From being an employee to self-employed to employee again
When I started blogging around ten years ago, I started off all doey eyed and excited of all the possibilities that lay ahead of me. I was going to work for myself as an accountant and fit it in while I have my kids. It took me ages to get the practising certificate and by the time I got it I felt like the application process itself felt like I had worked hard to earn it.
I started off doing some work for myself as well as doing some freelancing work to supplement it at almost the same time as having my first daughter. With one daughter it felt like it was almost possible. I soon became pregnant with the next one and then everything got a little harder. The freelancing work I got was good and in most cases easier to do than trying to make something out of my practice. So I laxed a bit and eventually let it go.
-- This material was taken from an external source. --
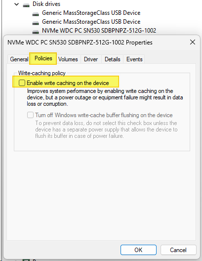 Deselect the option “Enable write caching on the device.”

By the time I had come to this decision, I had stopped taking on new work and I was only doing a few accounts for friends and family. As they are friends and family I didn’t really need an expensive practising certificate along with all the other insurance and regulations required to keep this all in place so I started to question the need for all of these costs.
Ten years later
Ten years later from when I first got my practising certificate, I have finally let go. Along with that, all the other costs of keeping the certificate has gone too and I feel so relieved of the burden. About two years ago I had an ACCA inspection and everything went fine except they decided that the insurance cover was too low for the amount I was earning. It wasn’t too much of a hassle. But I started to realise that I didn’t really want to spend all my evenings working and worrying about my business and how I was going to make a worthwhile income when I could easily work part-time and spend the rest of my time with my daughters or exploring other hobbies (such as writing) or just relaxing.
Having a part-time job with a steady income is so much easier to do and I know I am lucky to be in this situation especially with the way the economy is at the moment. I also know it might not last forever or a long time but for now, it is good. I think if I was out of a job, I could quite easily go and look for another job. I have more confidence to do so. I also believe that there are more opportunities out there for women looking for part-time, flexible work unlike when I first started where all the jobs I applied for insisted that eventually (in 2-3 years), I needed to go full time. I wasn’t too keen on that idea and even though in 2-3 years, things might change, the hours were still not that flexible. That was one of my primary motivation for attempting to work for myself.
So anyway, the full circle means that I am back to being an employee working in accounts and tax as I was before although on a part-time basis this time round.